Raw data
__________
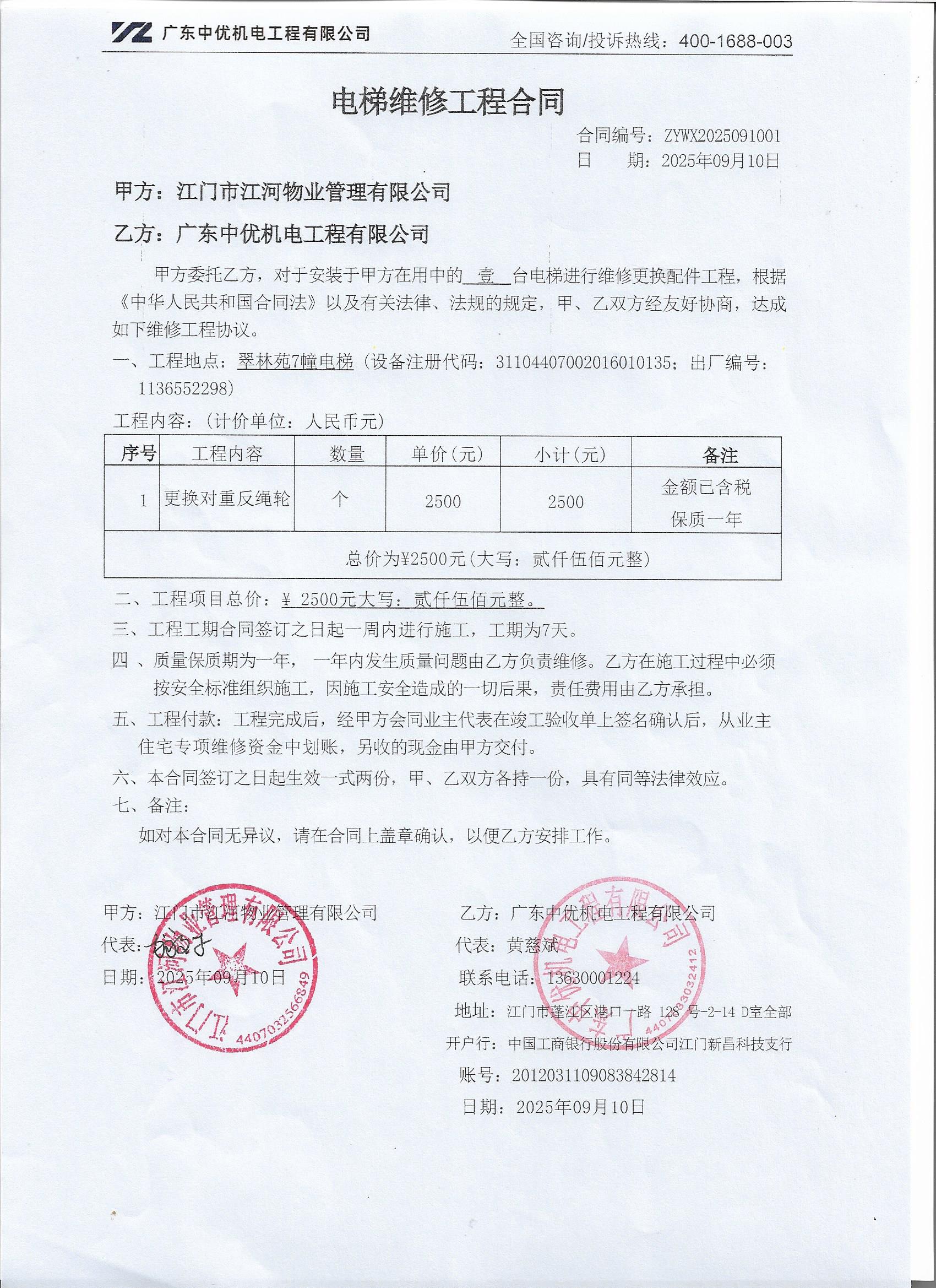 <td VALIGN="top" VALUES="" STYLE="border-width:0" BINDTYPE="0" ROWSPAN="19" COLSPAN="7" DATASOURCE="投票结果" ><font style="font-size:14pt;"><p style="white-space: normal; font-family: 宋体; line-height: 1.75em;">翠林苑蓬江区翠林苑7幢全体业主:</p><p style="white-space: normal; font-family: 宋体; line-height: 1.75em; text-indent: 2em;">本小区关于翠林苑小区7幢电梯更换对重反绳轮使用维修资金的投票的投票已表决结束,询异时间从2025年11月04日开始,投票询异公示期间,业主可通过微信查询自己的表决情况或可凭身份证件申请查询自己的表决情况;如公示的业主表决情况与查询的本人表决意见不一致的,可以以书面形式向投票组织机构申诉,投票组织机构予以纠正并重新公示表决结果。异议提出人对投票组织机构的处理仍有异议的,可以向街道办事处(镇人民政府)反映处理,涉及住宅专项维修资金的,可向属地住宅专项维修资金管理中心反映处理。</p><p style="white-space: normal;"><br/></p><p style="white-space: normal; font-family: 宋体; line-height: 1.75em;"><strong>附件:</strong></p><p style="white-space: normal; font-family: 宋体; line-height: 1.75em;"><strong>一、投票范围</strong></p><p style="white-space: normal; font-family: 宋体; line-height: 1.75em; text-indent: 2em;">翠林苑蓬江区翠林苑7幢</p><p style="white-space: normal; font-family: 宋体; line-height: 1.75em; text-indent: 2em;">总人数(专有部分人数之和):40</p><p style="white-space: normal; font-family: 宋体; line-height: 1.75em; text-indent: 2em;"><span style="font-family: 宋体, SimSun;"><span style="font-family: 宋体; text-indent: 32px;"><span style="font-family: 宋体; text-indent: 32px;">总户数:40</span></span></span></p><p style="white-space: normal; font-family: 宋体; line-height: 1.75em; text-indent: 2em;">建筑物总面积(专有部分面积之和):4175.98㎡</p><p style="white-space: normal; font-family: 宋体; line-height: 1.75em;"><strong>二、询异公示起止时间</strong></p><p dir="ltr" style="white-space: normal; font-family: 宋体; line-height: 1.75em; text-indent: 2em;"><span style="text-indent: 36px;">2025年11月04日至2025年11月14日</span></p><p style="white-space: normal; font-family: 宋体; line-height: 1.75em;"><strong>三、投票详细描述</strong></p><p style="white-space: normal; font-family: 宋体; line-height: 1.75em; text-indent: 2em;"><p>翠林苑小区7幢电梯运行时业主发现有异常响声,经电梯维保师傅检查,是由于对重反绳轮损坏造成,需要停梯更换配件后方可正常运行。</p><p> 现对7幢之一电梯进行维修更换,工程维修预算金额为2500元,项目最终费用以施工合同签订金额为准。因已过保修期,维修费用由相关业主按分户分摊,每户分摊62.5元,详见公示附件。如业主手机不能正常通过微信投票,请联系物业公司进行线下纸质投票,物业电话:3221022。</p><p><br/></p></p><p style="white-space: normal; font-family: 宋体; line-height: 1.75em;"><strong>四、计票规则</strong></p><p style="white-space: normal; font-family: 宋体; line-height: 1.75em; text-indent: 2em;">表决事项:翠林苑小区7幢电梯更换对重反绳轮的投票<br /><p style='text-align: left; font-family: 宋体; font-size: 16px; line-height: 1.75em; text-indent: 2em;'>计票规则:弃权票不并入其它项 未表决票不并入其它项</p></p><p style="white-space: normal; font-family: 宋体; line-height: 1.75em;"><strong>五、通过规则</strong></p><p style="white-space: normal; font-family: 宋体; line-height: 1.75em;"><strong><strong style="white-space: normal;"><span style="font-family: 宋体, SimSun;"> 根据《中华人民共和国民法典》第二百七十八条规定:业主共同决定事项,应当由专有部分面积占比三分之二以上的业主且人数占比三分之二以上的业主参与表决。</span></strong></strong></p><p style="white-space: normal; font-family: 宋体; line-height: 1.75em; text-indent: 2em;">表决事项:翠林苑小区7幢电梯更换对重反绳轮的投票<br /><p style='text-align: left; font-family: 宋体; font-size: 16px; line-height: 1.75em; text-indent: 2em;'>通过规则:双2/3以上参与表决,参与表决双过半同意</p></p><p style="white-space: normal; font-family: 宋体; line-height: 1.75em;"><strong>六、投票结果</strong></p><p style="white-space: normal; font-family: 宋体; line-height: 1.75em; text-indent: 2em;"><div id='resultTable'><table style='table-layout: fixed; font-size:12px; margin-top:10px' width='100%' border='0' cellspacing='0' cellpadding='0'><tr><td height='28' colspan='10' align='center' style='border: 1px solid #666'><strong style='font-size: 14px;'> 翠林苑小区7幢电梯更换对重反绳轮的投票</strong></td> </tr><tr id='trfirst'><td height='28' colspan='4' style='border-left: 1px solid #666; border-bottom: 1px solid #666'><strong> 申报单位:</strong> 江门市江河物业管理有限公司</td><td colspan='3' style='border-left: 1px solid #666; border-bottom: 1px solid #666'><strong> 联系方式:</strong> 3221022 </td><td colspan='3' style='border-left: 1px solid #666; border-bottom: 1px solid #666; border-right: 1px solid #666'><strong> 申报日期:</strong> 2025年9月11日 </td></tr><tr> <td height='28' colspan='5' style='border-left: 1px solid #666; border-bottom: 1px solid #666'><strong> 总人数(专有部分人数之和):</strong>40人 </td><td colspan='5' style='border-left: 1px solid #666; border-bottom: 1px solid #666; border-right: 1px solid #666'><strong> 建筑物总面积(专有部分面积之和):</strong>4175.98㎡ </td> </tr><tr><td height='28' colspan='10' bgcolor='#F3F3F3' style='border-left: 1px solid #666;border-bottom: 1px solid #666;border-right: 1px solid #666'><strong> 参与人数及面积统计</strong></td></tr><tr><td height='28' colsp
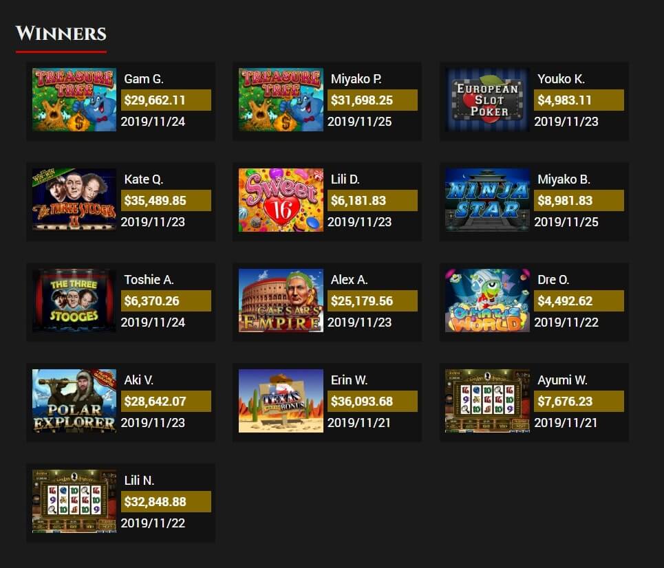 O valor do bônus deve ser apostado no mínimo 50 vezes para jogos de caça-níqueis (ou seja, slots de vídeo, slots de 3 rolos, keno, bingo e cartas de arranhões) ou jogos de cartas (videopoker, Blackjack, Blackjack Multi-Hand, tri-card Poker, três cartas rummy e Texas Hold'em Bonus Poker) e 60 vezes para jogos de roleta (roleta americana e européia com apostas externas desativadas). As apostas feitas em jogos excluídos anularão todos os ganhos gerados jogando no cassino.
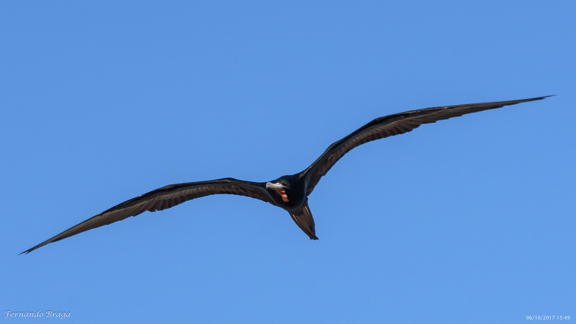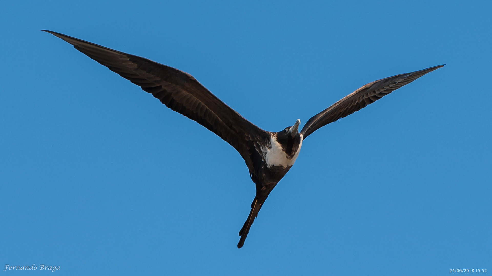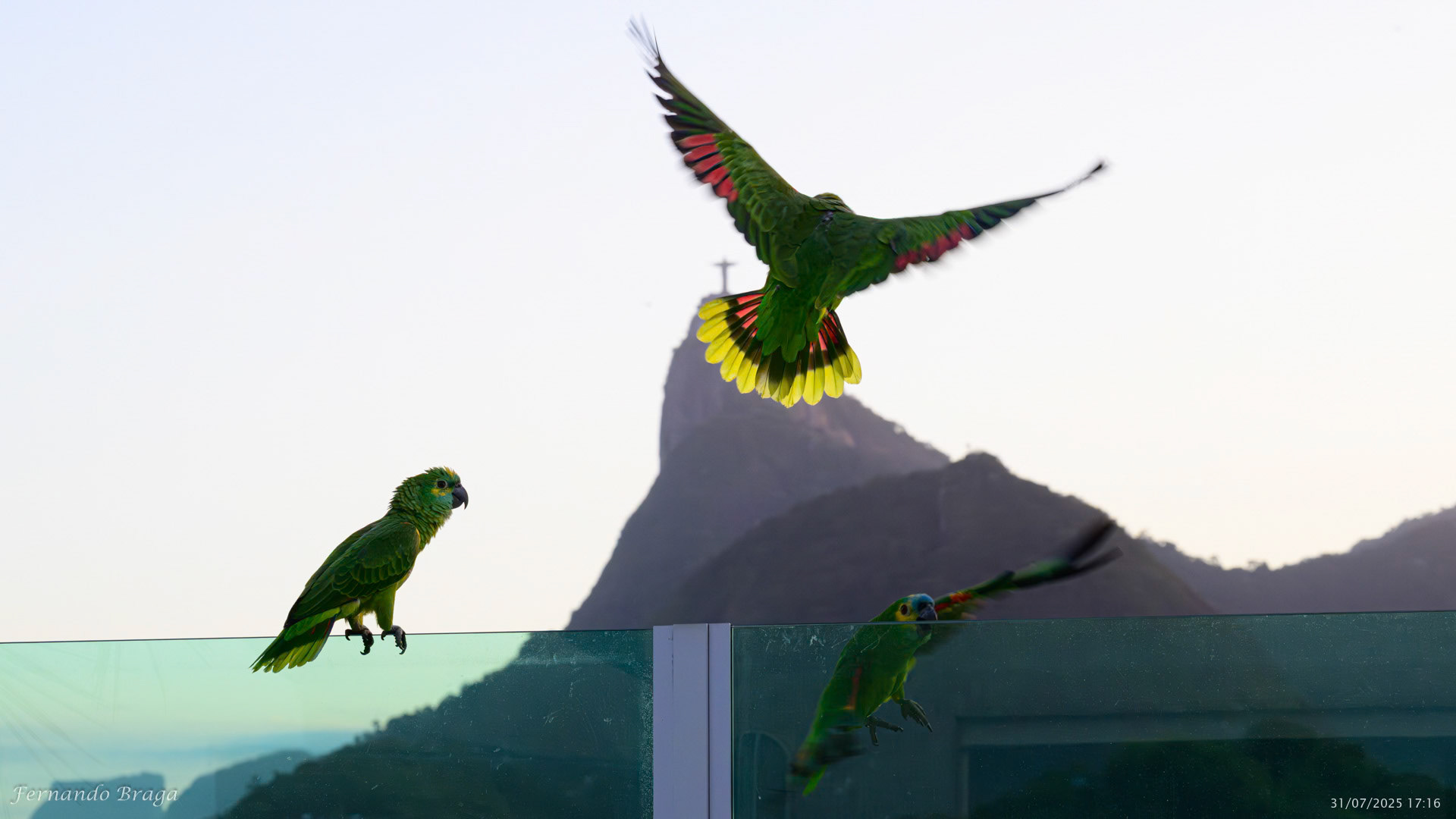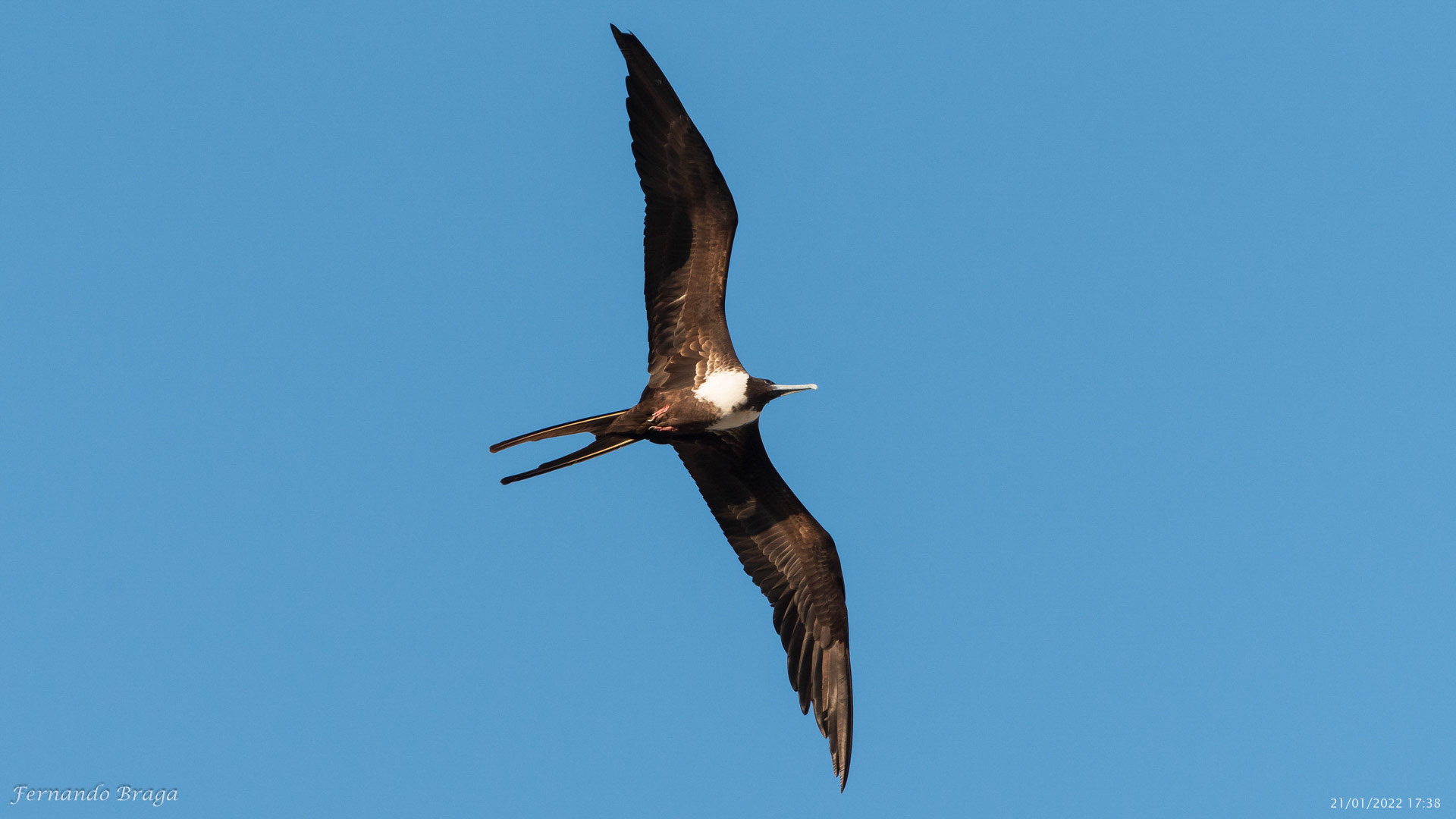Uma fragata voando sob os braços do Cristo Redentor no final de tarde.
__________
Task prompt
When repeating the listing, keep each line exact and exclude the pictures.

Exercise result
 <td VALIGN="top" VALUES="" STYLE="border-width:0" BINDTYPE="0" ROWSPAN="19" COLSPAN="7" DATASOURCE="投票结果" ><font style="font-size:14pt;"><p style="white-space: normal; font-family: 宋体; line-height: 1.75em;">翠林苑蓬江区翠林苑7幢全体业主:</p><p style="white-space: normal; font-family: 宋体; line-height: 1.75em; text-indent: 2em;">本小区关于翠林苑小区7幢电梯更换对重反绳轮使用维修资金的投票的投票已表决结束,询异时间从2025年11月04日开始,投票询异公示期间,业主可通过微信查询自己的表决情况或可凭身份证件申请查询自己的表决情况;如公示的业主表决情况与查询的本人表决意见不一致的,可以以书面形式向投票组织机构申诉,投票组织机构予以纠正并重新公示表决结果。异议提出人对投票组织机构的处理仍有异议的,可以向街道办事处(镇人民政府)反映处理,涉及住宅专项维修资金的,可向属地住宅专项维修资金管理中心反映处理。</p><p style="white-space: normal;"><br/></p><p style="white-space: normal; font-family: 宋体; line-height: 1.75em;"><strong>附件:</strong></p><p style="white-space: normal; font-family: 宋体; line-height: 1.75em;"><strong>一、投票范围</strong></p><p style="white-space: normal; font-family: 宋体; line-height: 1.75em; text-indent: 2em;">翠林苑蓬江区翠林苑7幢</p><p style="white-space: normal; font-family: 宋体; line-height: 1.75em; text-indent: 2em;">总人数(专有部分人数之和):40</p><p style="white-space: normal; font-family: 宋体; line-height: 1.75em; text-indent: 2em;"><span style="font-family: 宋体, SimSun;"><span style="font-family: 宋体; text-indent: 32px;"><span style="font-family: 宋体; text-indent: 32px;">总户数:40</span></span></span></p><p style="white-space: normal; font-family: 宋体; line-height: 1.75em; text-indent: 2em;">建筑物总面积(专有部分面积之和):4175.98㎡</p><p style="white-space: normal; font-family: 宋体; line-height: 1.75em;"><strong>二、询异公示起止时间</strong></p><p dir="ltr" style="white-space: normal; font-family: 宋体; line-height: 1.75em; text-indent: 2em;"><span style="text-indent: 36px;">2025年11月04日至2025年11月14日</span></p><p style="white-space: normal; font-family: 宋体; line-height: 1.75em;"><strong>三、投票详细描述</strong></p><p style="white-space: normal; font-family: 宋体; line-height: 1.75em; text-indent: 2em;"><p>翠林苑小区7幢电梯运行时业主发现有异常响声,经电梯维保师傅检查,是由于对重反绳轮损坏造成,需要停梯更换配件后方可正常运行。</p><p> 现对7幢之一电梯进行维修更换,工程维修预算金额为2500元,项目最终费用以施工合同签订金额为准。因已过保修期,维修费用由相关业主按分户分摊,每户分摊62.5元,详见公示附件。如业主手机不能正常通过微信投票,请联系物业公司进行线下纸质投票,物业电话:3221022。</p><p><br/></p></p><p style="white-space: normal; font-family: 宋体; line-height: 1.75em;"><strong>四、计票规则</strong></p><p style="white-space: normal; font-family: 宋体; line-height: 1.75em; text-indent: 2em;">表决事项:翠林苑小区7幢电梯更换对重反绳轮的投票<br /><p style='text-align: left; font-family: 宋体; font-size: 16px; line-height: 1.75em; text-indent: 2em;'>计票规则:弃权票不并入其它项 未表决票不并入其它项</p></p><p style="white-space: normal; font-family: 宋体; line-height: 1.75em;"><strong>五、通过规则</strong></p><p style="white-space: normal; font-family: 宋体; line-height: 1.75em;"><strong><strong style="white-space: normal;"><span style="font-family: 宋体, SimSun;"> 根据《中华人民共和国民法典》第二百七十八条规定:业主共同决定事项,应当由专有部分面积占比三分之二以上的业主且人数占比三分之二以上的业主参与表决。</span></strong></strong></p><p style="white-space: normal; font-family: 宋体; line-height: 1.75em; text-indent: 2em;">表决事项:翠林苑小区7幢电梯更换对重反绳轮的投票<br /><p style='text-align: left; font-family: 宋体; font-size: 16px; line-height: 1.75em; text-indent: 2em;'>通过规则:双2/3以上参与表决,参与表决双过半同意</p></p><p style="white-space: normal; font-family: 宋体; line-height: 1.75em;"><strong>六、投票结果</strong></p><p style="white-space: normal; font-family: 宋体; line-height: 1.75em; text-indent: 2em;"><div id='resultTable'><table style='table-layout: fixed; font-size:12px; margin-top:10px' width='100%' border='0' cellspacing='0' cellpadding='0'><tr><td height='28' colspan='10' align='center' style='border: 1px solid #666'><strong style='font-size: 14px;'> 翠林苑小区7幢电梯更换对重反绳轮的投票</strong></td> </tr><tr id='trfirst'><td height='28' colspan='4' style='border-left: 1px solid #666; border-bottom: 1px solid #666'><strong> 申报单位:</strong> 江门市江河物业管理有限公司</td><td colspan='3' style='border-left: 1px solid #666; border-bottom: 1px solid #666'><strong> 联系方式:</strong> 3221022 </td><td colspan='3' style='border-left: 1px solid #666; border-bottom: 1px solid #666; border-right: 1px solid #666'><strong> 申报日期:</strong> 2025年9月11日 </td></tr><tr> <td height='28' colspan='5' style='border-left: 1px solid #666; border-bottom: 1px solid #666'><strong> 总人数(专有部分人数之和):</strong>40人 </td><td colspan='5' style='border-left: 1px solid #666; border-bottom: 1px solid #666; border-right: 1px solid #666'><strong> 建筑物总面积(专有部分面积之和):</strong>4175.98㎡ </td> </tr><tr><td height='28' colspan='10' bgcolor='#F3F3F3' style='border-left: 1px solid #666;border-bottom: 1px solid #666;border-right: 1px solid #666'><strong> 参与人数及面积统计</strong></td></tr><tr><td height='28' colsp
 O valor do bônus deve ser apostado no mínimo 50 vezes para jogos de caça-níqueis (ou seja, slots de vídeo, slots de 3 rolos, keno, bingo e cartas de arranhões) ou jogos de cartas (videopoker, Blackjack, Blackjack Multi-Hand, tri-card Poker, três cartas rummy e Texas Hold'em Bonus Poker) e 60 vezes para jogos de roleta (roleta americana e européia com apostas externas desativadas). As apostas feitas em jogos excluídos anularão todos os ganhos gerados jogando no cassino.
Uma fragata voando sob os braços do Cristo Redentor no final de tarde.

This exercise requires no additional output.